Conclusion. For the reasons stated, we affirm the decision of the board revoking the petitioner’s license to practice medicine and affirm the denial of the petitioner’s motion for a stay.

So ordered.

The petitioner appealed. The Appeals Court has stayed the appeal while his motion for a new trial is being considered by the trial judge.

The petitioner also was convicted of one count of violating G. L. c. 94C, § 32B, in connection with his prescribing Klonopin to a patient, but the board did not use that conviction as a basis for issuing its statement of allegations against the petitioner.

Dr. Greene was the petitioner’s tenant.

He argued that there were issues concerning (1) the board’s authority to use the convictions against him, (2) the validity of his convictions, (3) his pending appeal from the convictions, (4) a need for a fact-finding hearing so that the board had a basis to determine whether and what sanction was appropriate, and (5) the need to establish a full record for judicial review of any decision the board made.

Complaint counsel stated that summary suspension is appropriate only for behavior that directly jeopardizes public health or safety by threatening patients’ lives, limbs, or mental stability. 243 Code Mass. Regs. § 1.03(11) (1993).

Testing referrals of two of those patients formed the basis of the petitioner’s convictions of Medicaid fraud.

General Laws c. 112, § 5, provides that, after a hearing pursuant to G. L. c. 30A, the board may sanction a physician for a disciplinary offense.

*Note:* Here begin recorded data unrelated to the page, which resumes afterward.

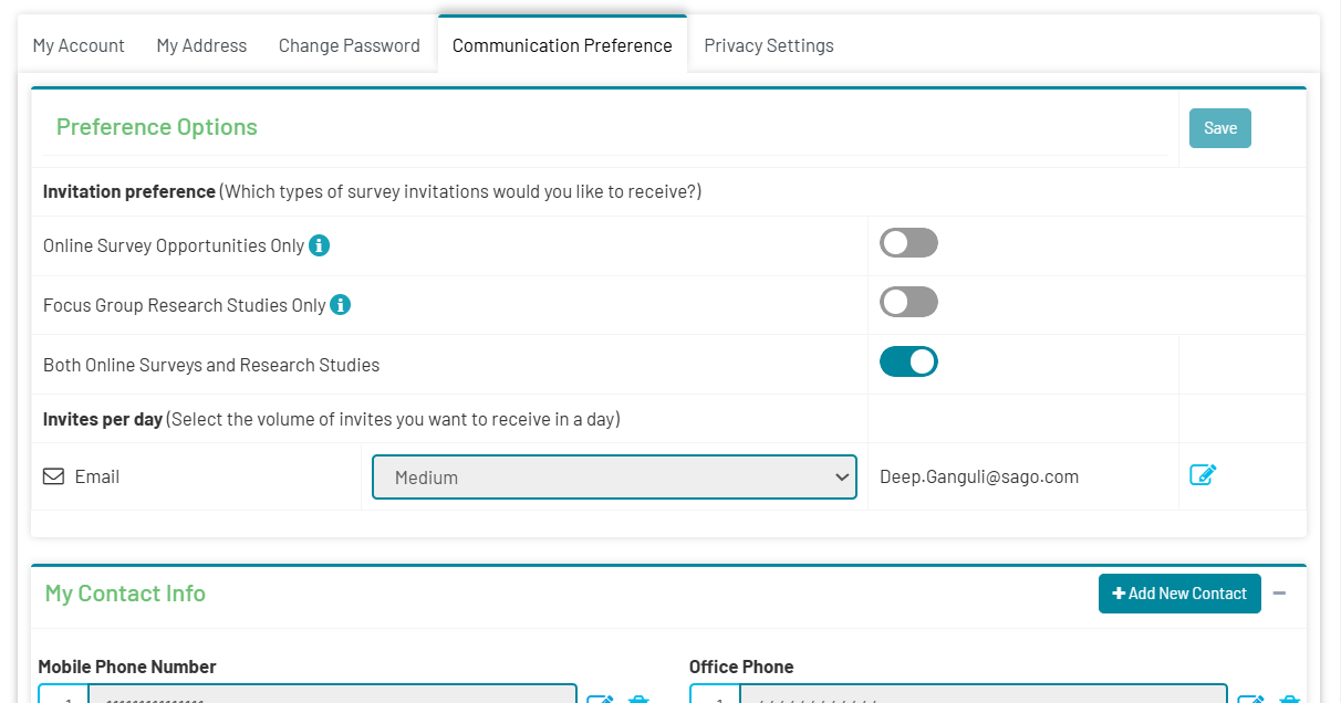 2. Select your invitation preference. You can select Online Survey Opportunities only, Focus Group Research Studies only, or both Online Survey Opportunities and Focus Group Research Studies. Use the On/Off switch to choose your preference.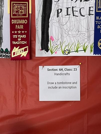 And speaking of bizarre things that will freak you out, yesterday I went over to the local fall fair. It’s a typical fall fair with competitions in different categories like best quilt, antique stumper, largest pumpkin, and whatnot. And there’s also a school competition where the students at the local public school are given categories of their own to enter. I was having a lovely time checking out the paintings, best popsicle stick structure and so on, and then I came across this:
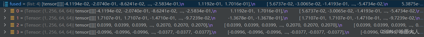 接着我们遍历layer_out和to_fuse函数,to_fuse由一个卷积,一个上采样组成,卷积是为了让四个输出通道统一为256,upsample是为了上采样到原图1/4大小。这里to_fuse函数遍历四次,是因为每个encoder输出都要进行特征和大小的同一。fused也有四个输出。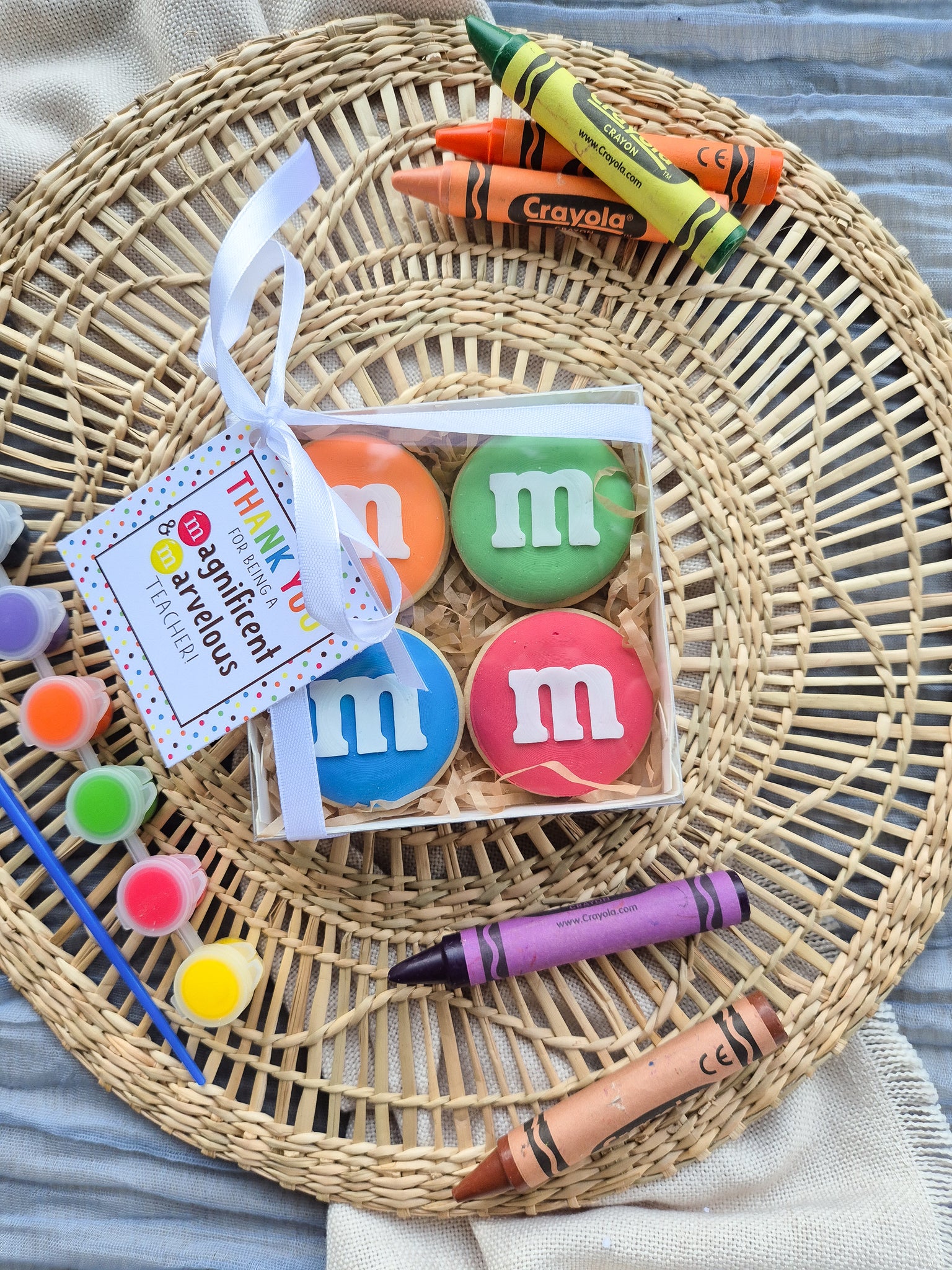 4x 5cm round cookies in assorted m&m colours.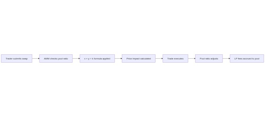 Worked example. Say a pool starts with 100 ETH (x) and 300,000 USDC (y). k = 30,000,000. A trader wants to buy 10 ETH. They’ll pay in USDC until the formula balances: the new pool has 90 ETH, which means y must equal 30,000,000 / 90 = 333,333 USDC. The trader paid ~33,333 USDC for 10 ETH — an effective price of $3,333 per ETH. The starting price was $3,000. That gap is slippage, and it grows as trade size increases relative to pool depth.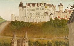 Ansicht der Festung Marienberg in einem Gemälde vom Martyrium des Hl. Kilian und seiner Gefährten. Hersteller: Nürnberger Meister um 1475. Standort: Fotoarchiv Museum für Franken, Foto: H. J. Wiehr. (Leihgabe der Stadt Würzburg im Museum für Franken - Staatliches Museum für Kunst- und Kulturgeschichte in Würzburg, 43883 [Ausschnitt])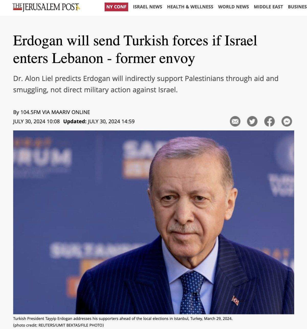 Bir radyoya savaş gündemini değerlendiren Liel’in sözlerini haberleştiren The Jerusalem Post’a göre Liel, Erdoğan’ın ciddiye alınması gerektiğini belirtti.

The petitioner argued this issue in his motion for required findings of not guilty, which the judge denied. The petitioner raised this issue again in his pending motion pursuant to Mass. R. Crim. P. 30, as appearing in 435 Mass. 1501 (2001), and on appeal from his convictions.

The petitioner also claims that the magistrate’s recommended decision erroneously stated twice that the petitioner was found guilty of filing false Medicaid claims, whereas he was found guilty of Medicaid fraud by referring patients to a psychologist. Although the magistrate misstated the crime of which the petitioner was convicted, she stated it properly elsewhere in her recommended decision, including in her findings of fact. The petitioner brought this error to the attention of the board in his objections to the recommended decision, his motion for remand and reconsideration, and his memorandum on disposition. In addition, the verdict form and indictments were part of the administrative record, which the board incorporated by *849reference. There is no reason to believe that the board misapprehended the basis for the convictions.

The petitioner also argues that the magistrate improperly referred to his convictions as “serious.” There was no error. See G. L. c. 274, § 1; G. L. c. 118E, § 40.

The petitioner states that, even though he argued for more than the ten minutes allotted by the board, this was not enough time. He has submitted no transcript, and, therefore, we need not consider this argument.

In its brief, the board states that if the petitioner’s convictions were reversed on appeal, he could file a petition for reinstatement pursuant to 243 Code Mass. Regs. § 1.05(4) (1993).